WHAT THE TASK REQUIRES: Required from the data below: the exact lines starting at the line containing "보고 '미친 애'라고" and ending at the line containing "Bastian Herre, Lucas", with both ends kept and all pictures dropped.

--- INPUT DATA Enclosed Below ---

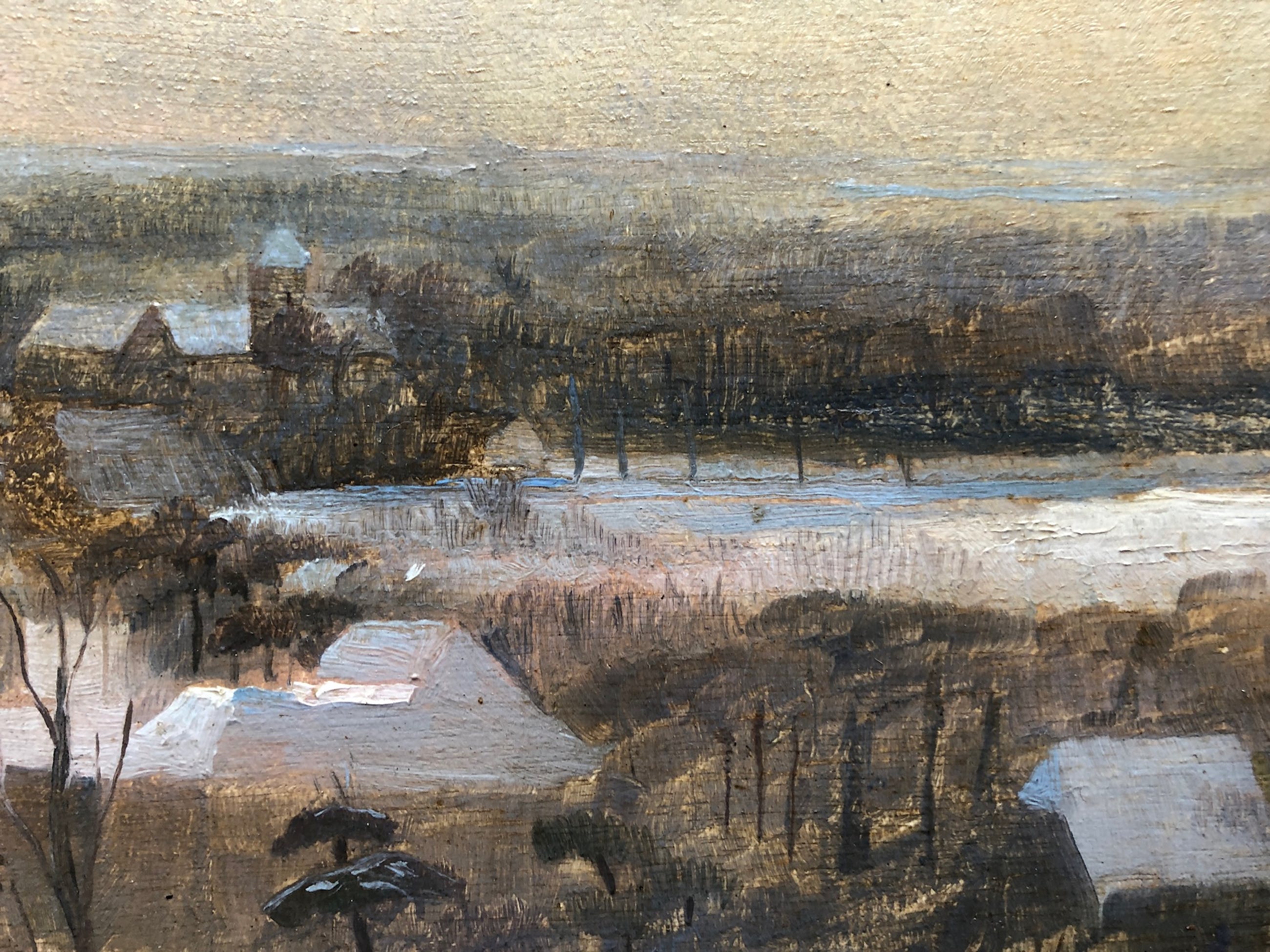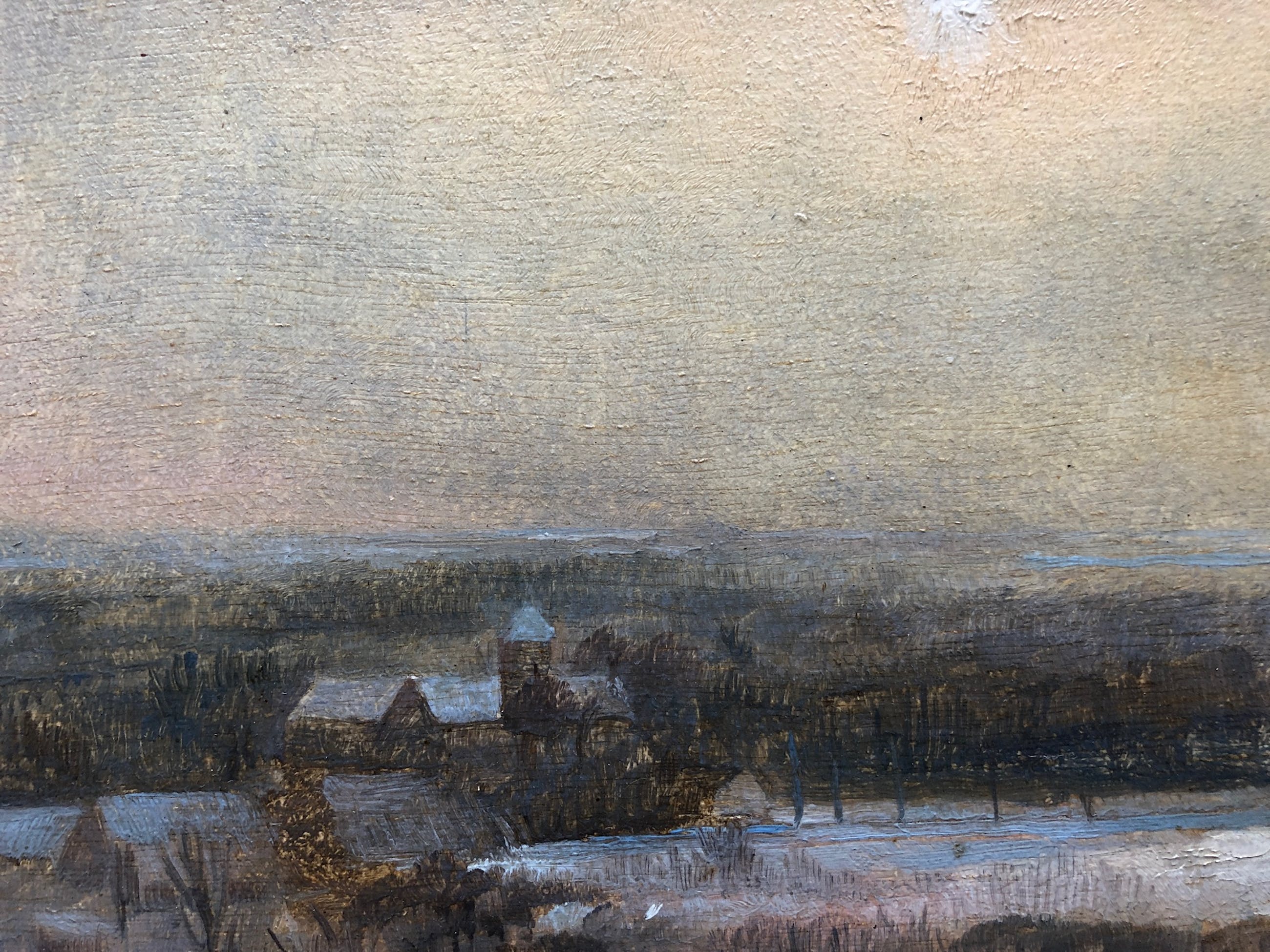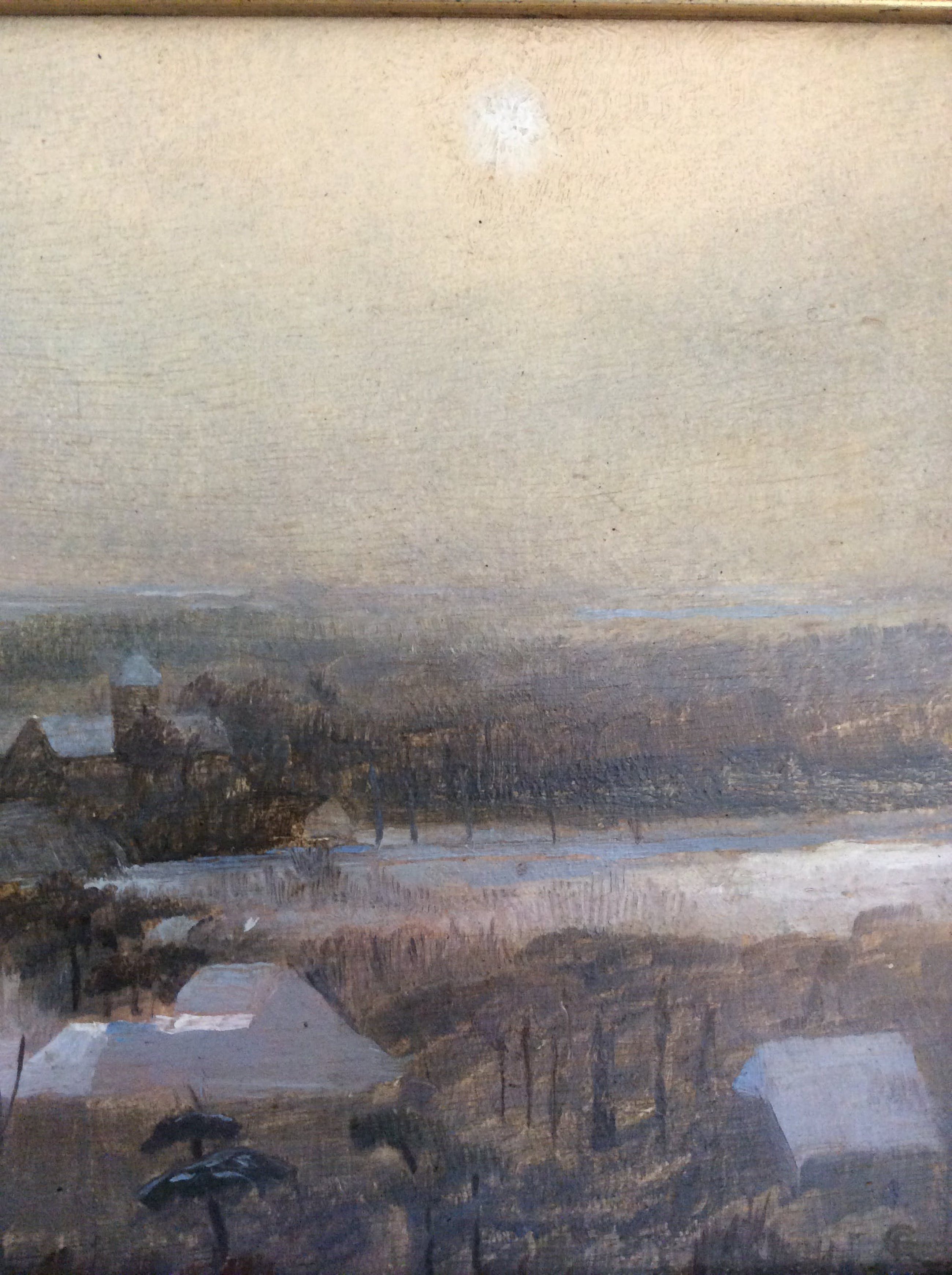 Mooi klein werk van de Roelf Gerbrands uit 1932. Rechts onder Sign. De R staat door de G. Limburgs besneeuwd landschap met zon. Zijn werk bevindt zich in het Frans Hals museum in Haarlem en in het Rijksmuseum Amsterdam
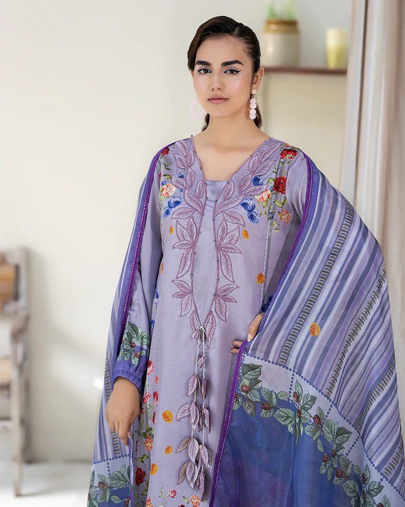Additional Description: 1-Behold the exquisite beauty of this shamose silk printed embroidered shirt, adorned with delicate pearls and intricate 3D floral embellishments 2-The accompanying tissue silk printed dupatta, featuring elegant laces that add a touch of sophistication 3- And let us not forget the grip silk trousers
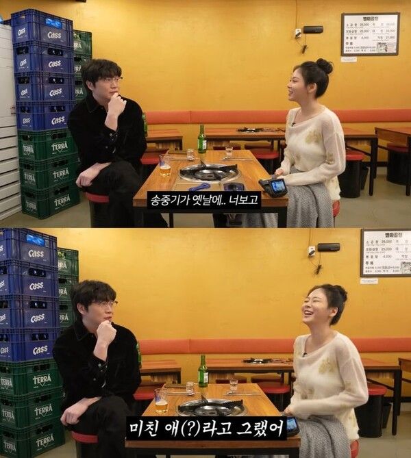 그는 "송중기가 옛날에 너 보고 '미친 애'라고 그랬다. 연기 너무 잘한다고. 장난 아니라고"라며 "중기가 그렇게 극찬하는 건 (드물다) 걔가 거짓말하는 애는 아니니까"라고 덧붙였다.
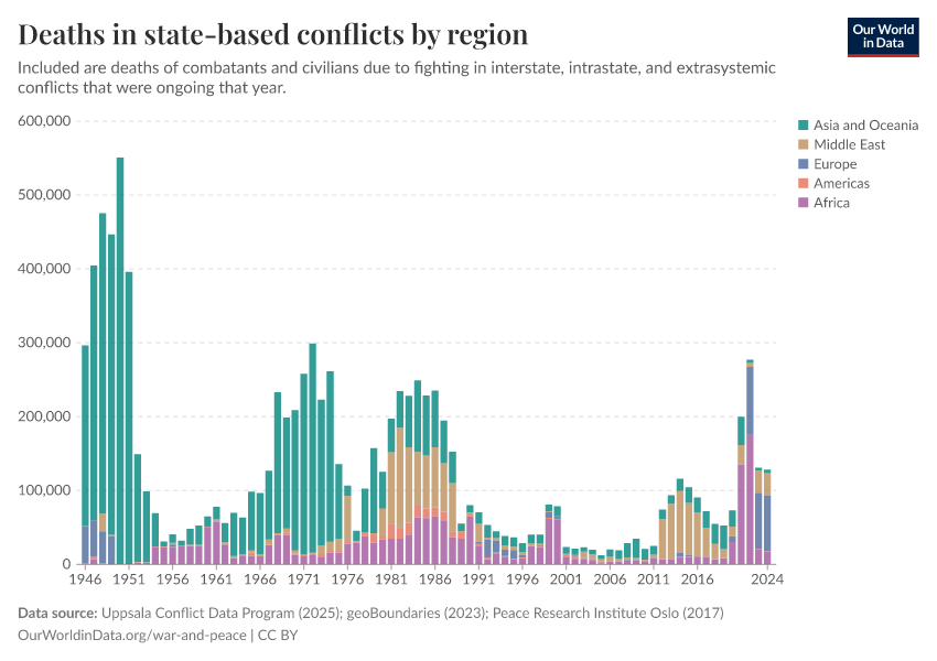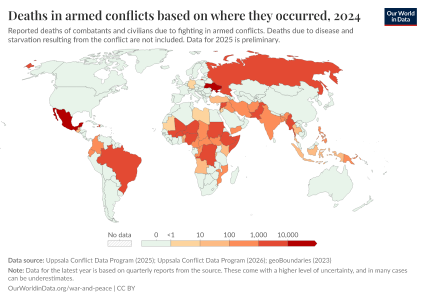 Bastian Herre, Lucas Rodés-Guirao, and Max Roser (2024) - “War and Peace” Published online at OurWorldinData.org. Retrieved from: 'https://tag-updates.owid.pages.dev/war-and-peace' [Online Resource]BibTeX citation
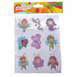 Diamantmalerei ist eine beliebte DIY-Aktivität, die Kindern spielerisch Konzentration und Genauigkeit vermittelt. Es wird nach der beigefügten Vorlage mit Legende (Buchstaben/Ziffern) gearbeitet: Entsprechend der Kennzeichnung werden die farbigen Steinchen mithilfe von Stift und Wachs aufgeklebt. Das Ergebnis sind funkelnde Aufkleber mit Feenmotiven, die Schulutensilien und das Kinderzimmer wunderbar schmücken.
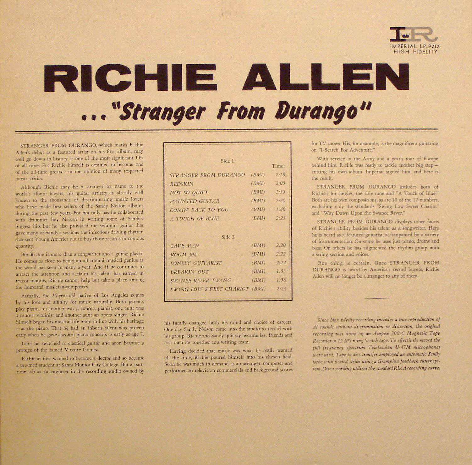Non Surf LP "Stranger From Durango", Imperial LP-12212
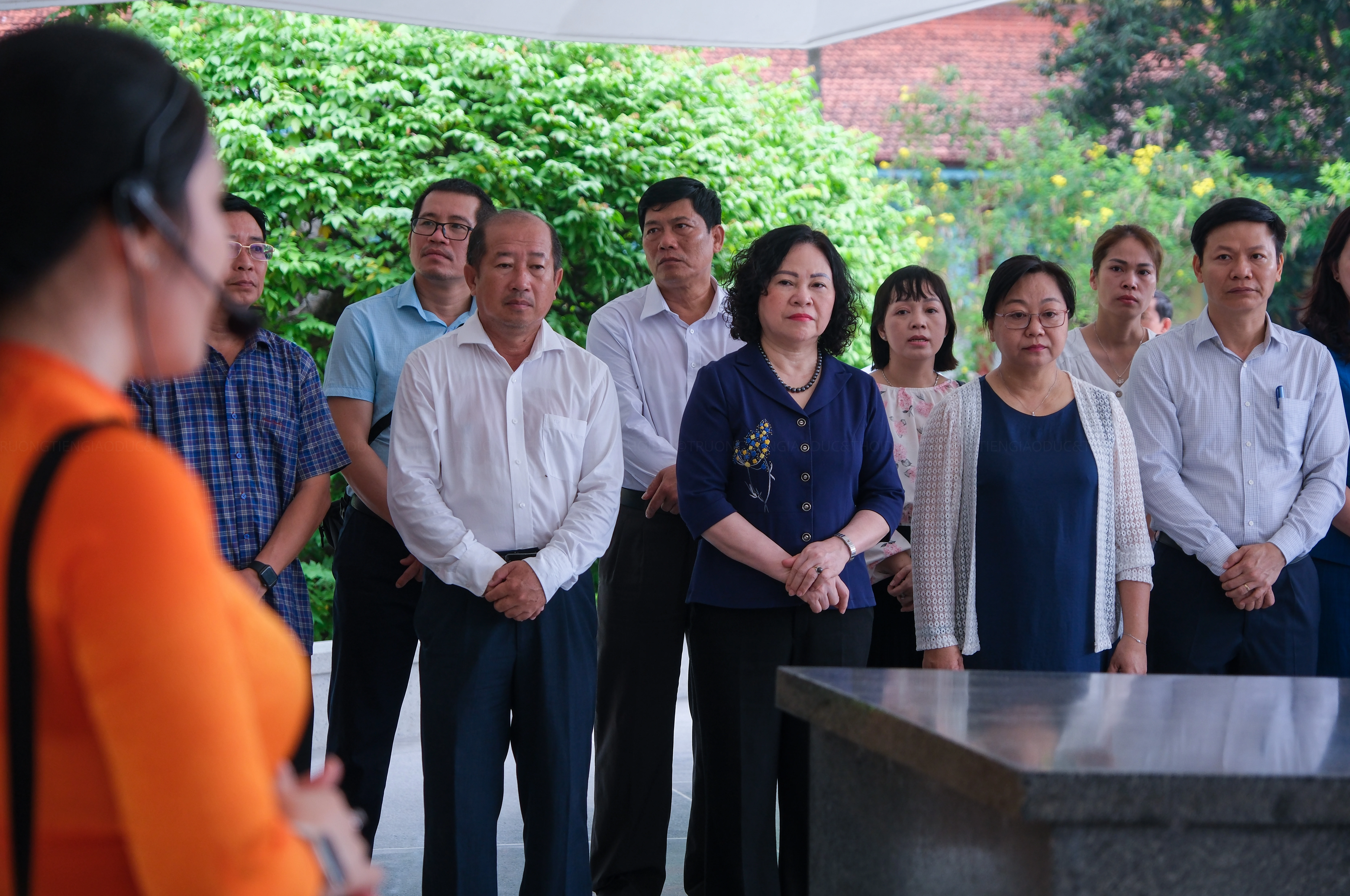| Thứ trưởng Bộ GD&ĐT Ngô Thị Minh cùng lãnh đạo UBND tỉnh Đồng Tháp và Sở GD&ĐT các tỉnh đến viếng Cụ Phó bảng Nguyễn Sinh Sắc. |
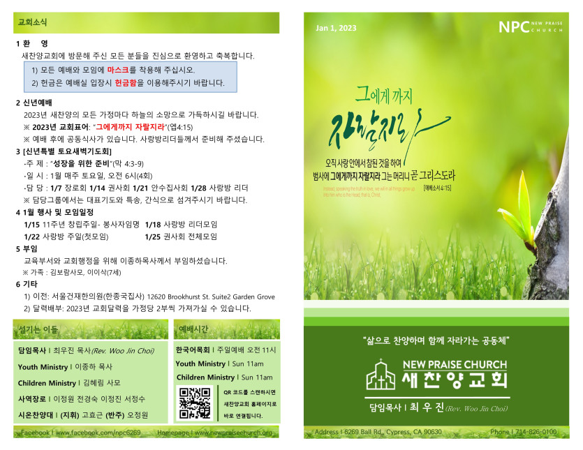 January 01, 2023 . 새찬양교회 [010123] 주일예배 주보

--- End of Enclosed INPUT DATA ---

YOUR SOLUTION:
 그는 "송중기가 옛날에 너 보고 '미친 애'라고 그랬다. 연기 너무 잘한다고. 장난 아니라고"라며 "중기가 그렇게 극찬하는 건 (드물다) 걔가 거짓말하는 애는 아니니까"라고 덧붙였다.
 Bastian Herre, Lucas Rodés-Guirao, and Max Roser (2024) - “War and Peace” Published online at OurWorldinData.org. Retrieved from: 'https://tag-updates.owid.pages.dev/war-and-peace' [Online Resource]BibTeX citation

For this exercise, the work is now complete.